Dataset records =>
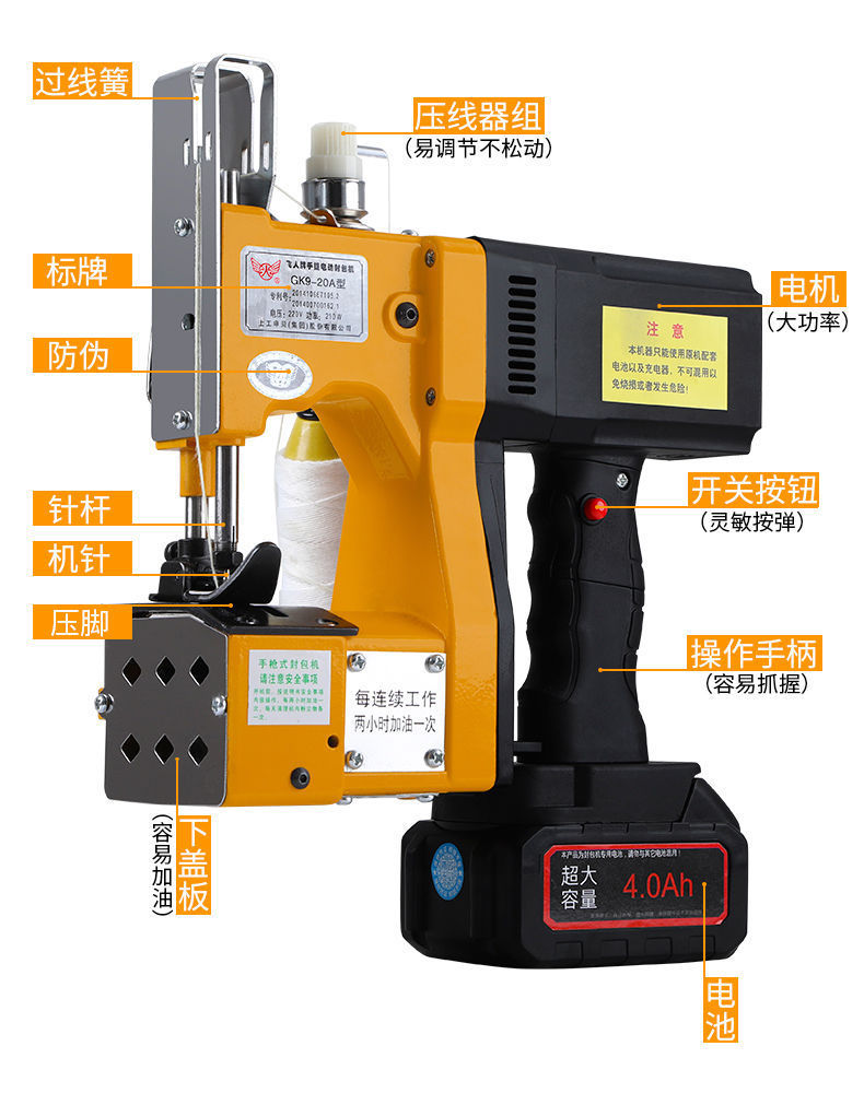 비행 무선 포장 기계 휴대용 작은 포장 기계 밀봉 기계 짠 가방 쌀 가방 전기 재봉틀 충전
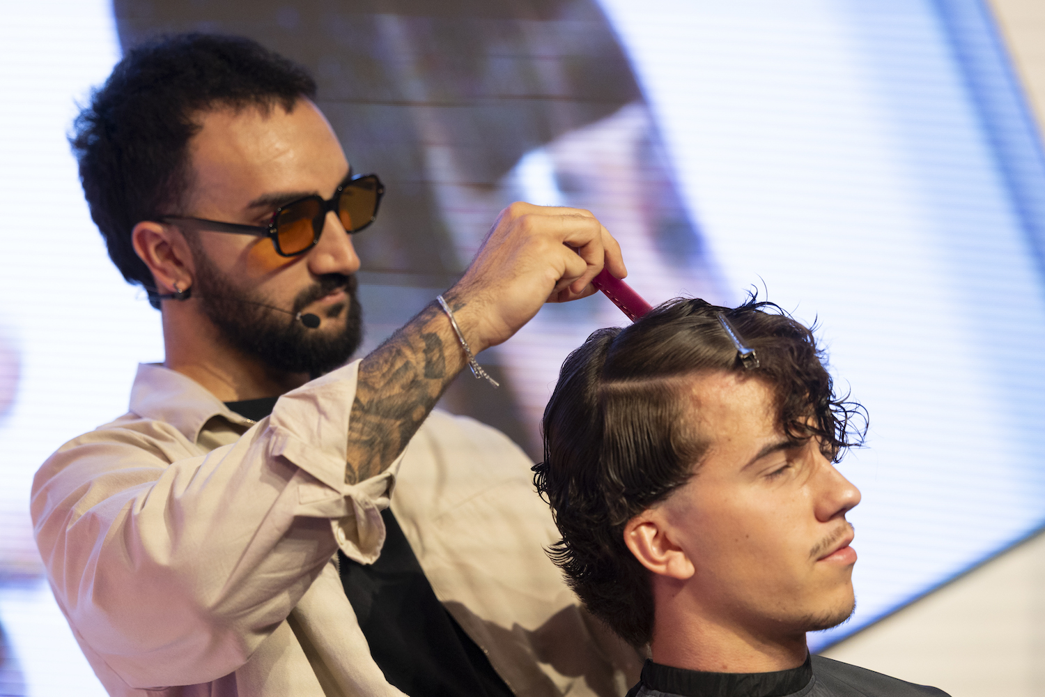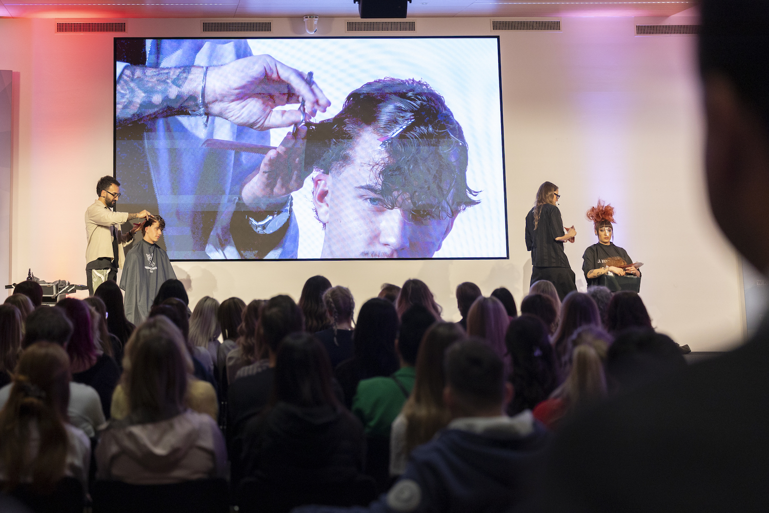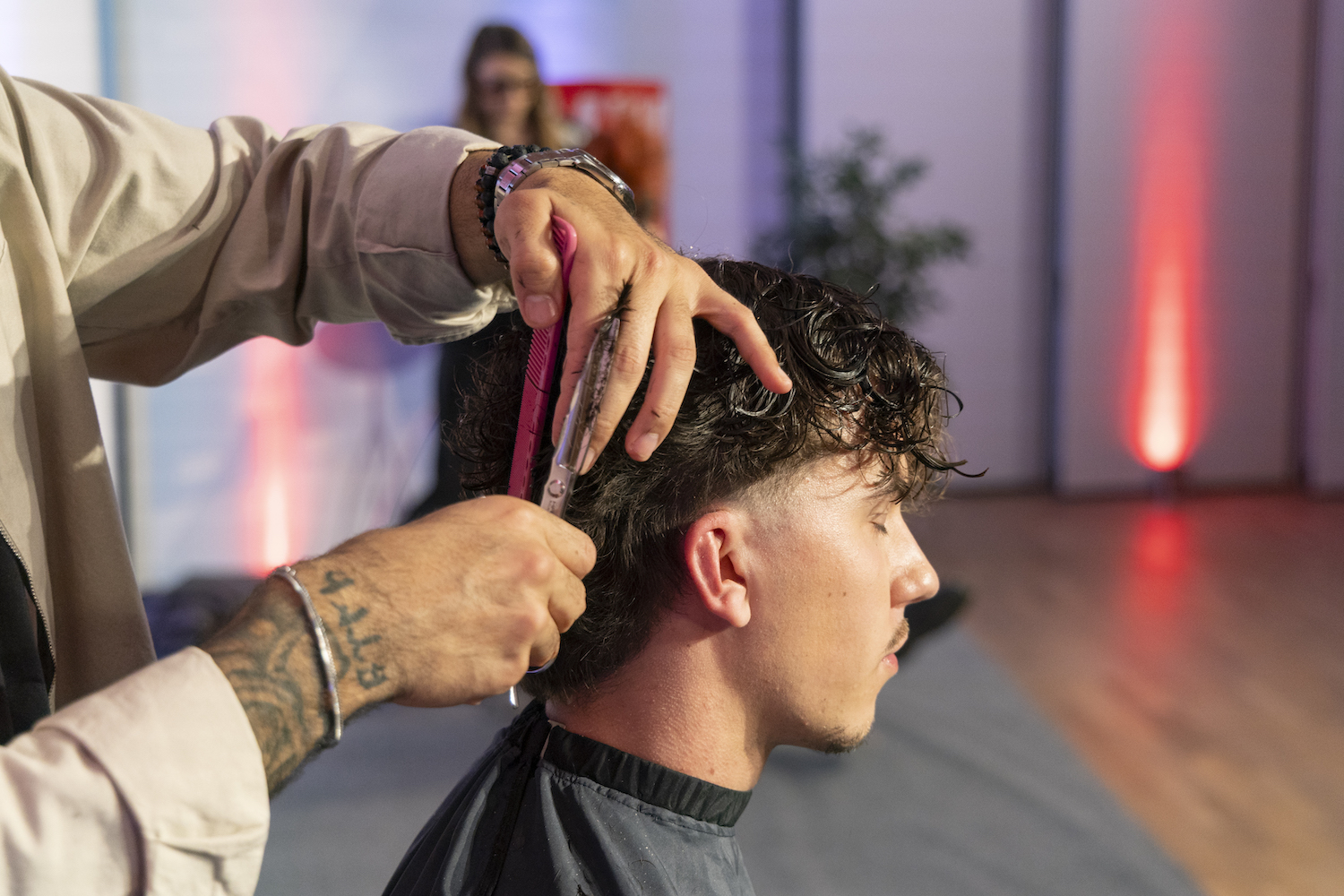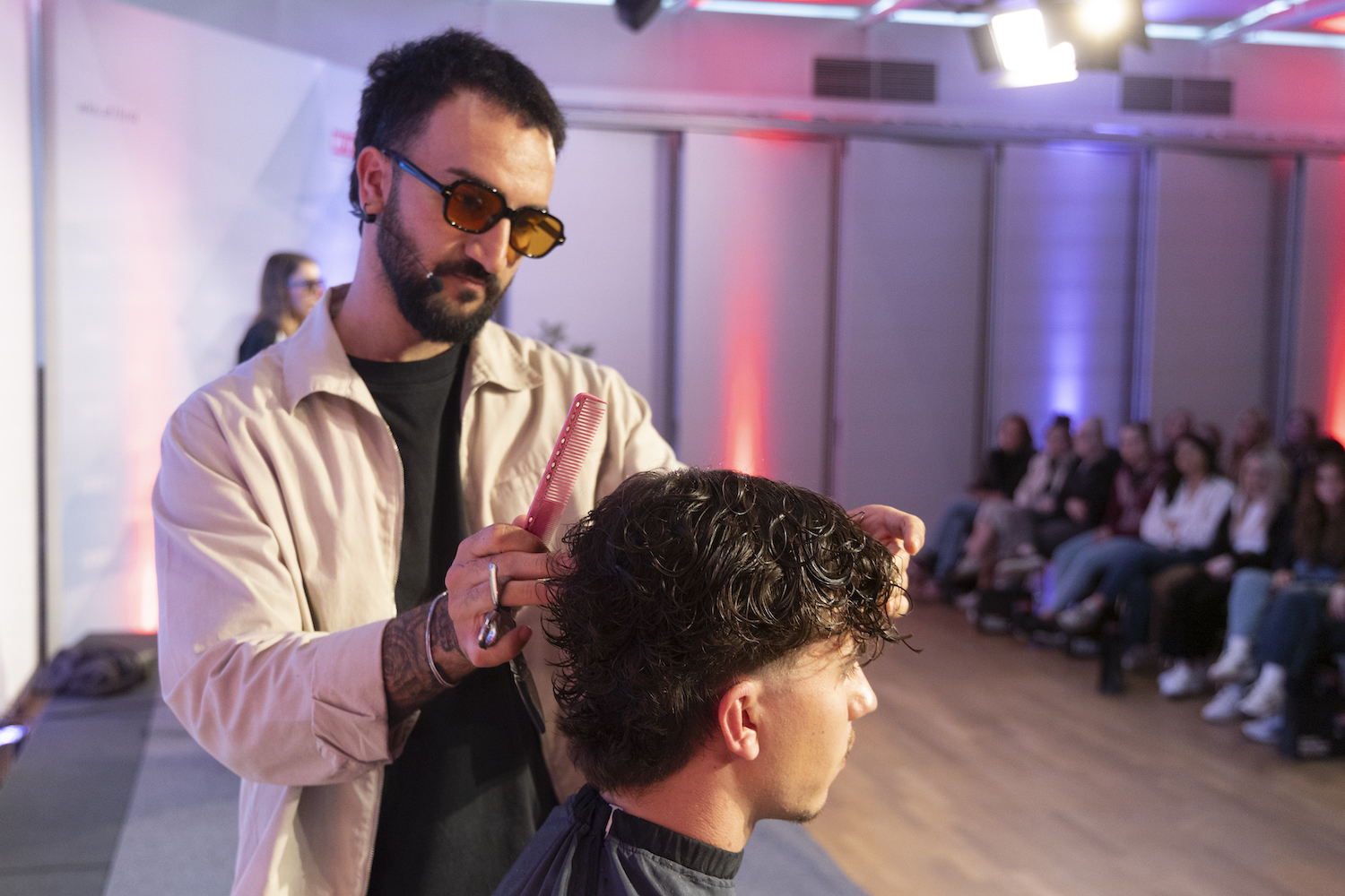 Die Top-Stylisten Christina Hofer, Salon Looksus Innsbruck, und Ibo Bozkurt, Staysharp Barberstudio Innsbruck, brachten je zwei Modelle mit. Ibo zeigte moderne Herrenhaarschnitte mit besonderem Fokus auf Fades, während Christina eine innovative Schneidetechnik sowie ein Styling präsentierte, das von der Berliner Fashionweek inspiriert ist. Die Teilnehmer hatten Gelegenheit, Fragen zu stellen und mehr über die Techniken und Arbeitsweisen der Profis zu erfahren.
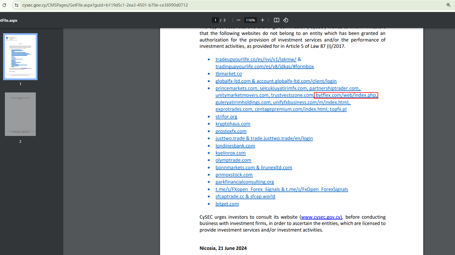 On June 21, 2024, the Cyprus Securities and Exchange Commission (CySEC) added BYTFLEX to its warning list, stating it does not belong to an entity which has been granted an authorization for the provision of investment services and/or the performance of investment activities. https://www.cysec.gov.cy/CMSPages/GetFile.aspx?guid=b119d5c1-2ea3-4501-b70e-ce36990d0712
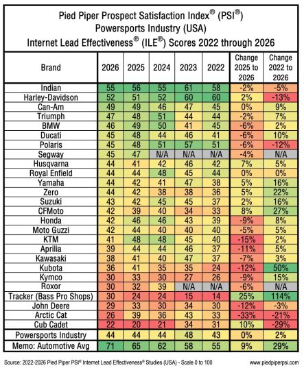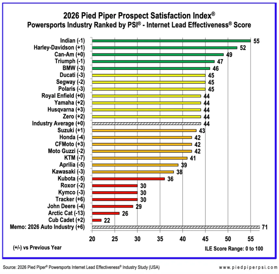 According to the 2026 Internet Lead Effectiveness (ILE) study from Pied Piper, Indian dealers earned the highest average score at 55, marking the fourth consecutive year the brand has led the rankings. Top performers behind Indian included Harley-Davidson, Can-Am, Triumph and BMW Motorrad.
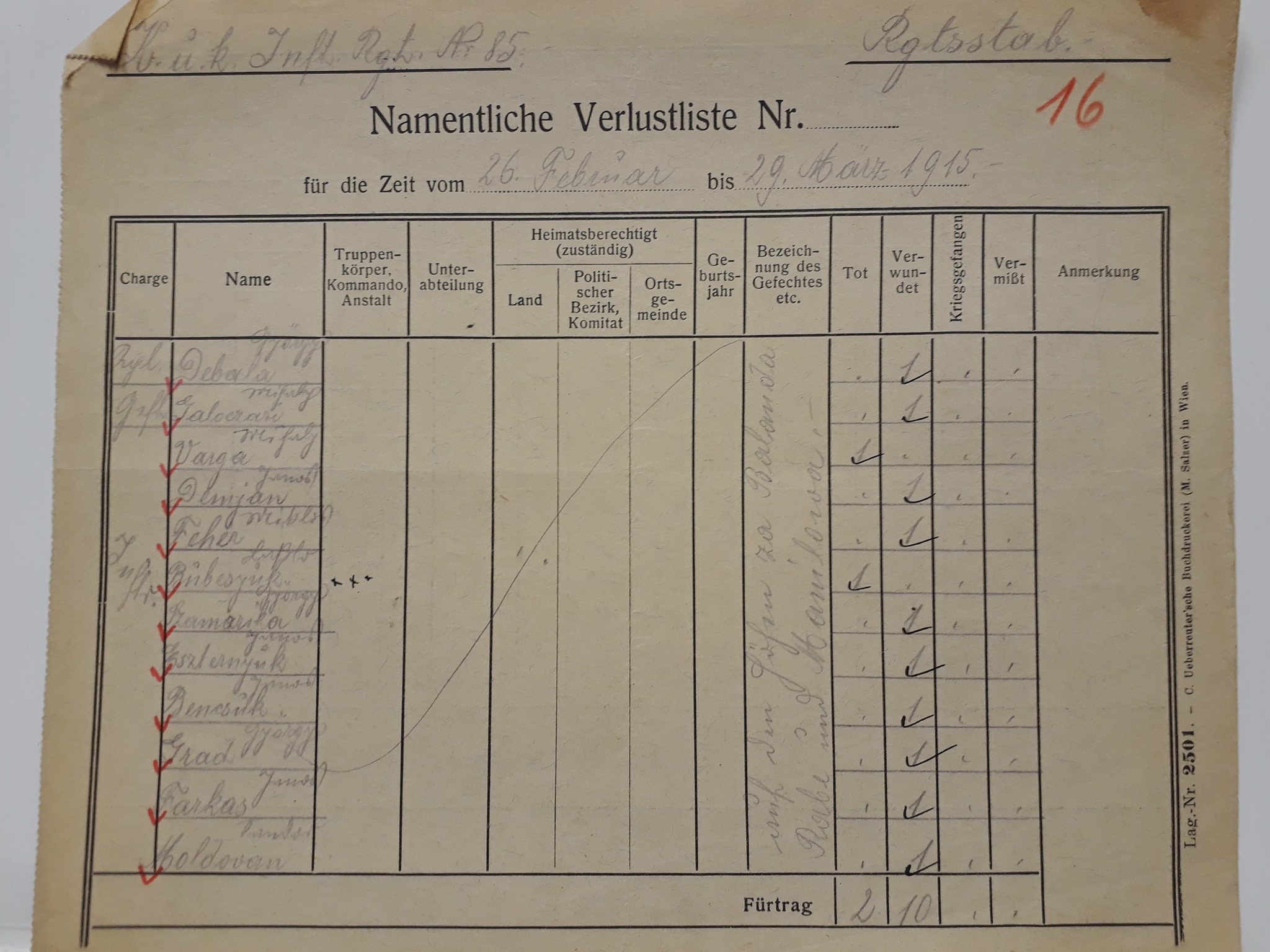 Z jednostek rosyjskich przedstawialiśmy straty 49, 52, 137 pp, inne oczekują ostateczne opracowanie. Z jednostek A-W przedstawialiśmy straty kuk IR 25, IR 32, IR 34, IR 41, IR 44, IR 69, IR 85, IR 86, IR 91, IR 94, kk LIR 1, LIR 25, LIR 36 – te dane w ujęciu monograficznym lub też przy okazji opracowywania danego rejonu lub miejscowości. Wstępnie opracowane są LIR 14 i LIR 24, istnieje również lista strat LIR 25 – to zawdzięczamy kolegom z Czech i niestrudzonej działalności Radima Kapavika.
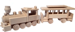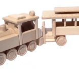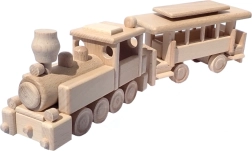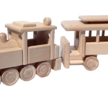 Le train est fabriqué en hêtre massif et traité uniquement à la cire et au polissage. Il conserve le veinage authentique du bois, est doux au toucher et sûr pour les petites mains.

Task to complete => Go back to the records above and write them out exactly, without the pictures.

Solution for this exercise =>
 비행 무선 포장 기계 휴대용 작은 포장 기계 밀봉 기계 짠 가방 쌀 가방 전기 재봉틀 충전
 Die Top-Stylisten Christina Hofer, Salon Looksus Innsbruck, und Ibo Bozkurt, Staysharp Barberstudio Innsbruck, brachten je zwei Modelle mit. Ibo zeigte moderne Herrenhaarschnitte mit besonderem Fokus auf Fades, während Christina eine innovative Schneidetechnik sowie ein Styling präsentierte, das von der Berliner Fashionweek inspiriert ist. Die Teilnehmer hatten Gelegenheit, Fragen zu stellen und mehr über die Techniken und Arbeitsweisen der Profis zu erfahren.
 On June 21, 2024, the Cyprus Securities and Exchange Commission (CySEC) added BYTFLEX to its warning list, stating it does not belong to an entity which has been granted an authorization for the provision of investment services and/or the performance of investment activities. https://www.cysec.gov.cy/CMSPages/GetFile.aspx?guid=b119d5c1-2ea3-4501-b70e-ce36990d0712
 According to the 2026 Internet Lead Effectiveness (ILE) study from Pied Piper, Indian dealers earned the highest average score at 55, marking the fourth consecutive year the brand has led the rankings. Top performers behind Indian included Harley-Davidson, Can-Am, Triumph and BMW Motorrad.
 Z jednostek rosyjskich przedstawialiśmy straty 49, 52, 137 pp, inne oczekują ostateczne opracowanie. Z jednostek A-W przedstawialiśmy straty kuk IR 25, IR 32, IR 34, IR 41, IR 44, IR 69, IR 85, IR 86, IR 91, IR 94, kk LIR 1, LIR 25, LIR 36 – te dane w ujęciu monograficznym lub też przy okazji opracowywania danego rejonu lub miejscowości. Wstępnie opracowane są LIR 14 i LIR 24, istnieje również lista strat LIR 25 – to zawdzięczamy kolegom z Czech i niestrudzonej działalności Radima Kapavika.
 Le train est fabriqué en hêtre massif et traité uniquement à la cire et au polissage. Il conserve le veinage authentique du bois, est doux au toucher et sûr pour les petites mains.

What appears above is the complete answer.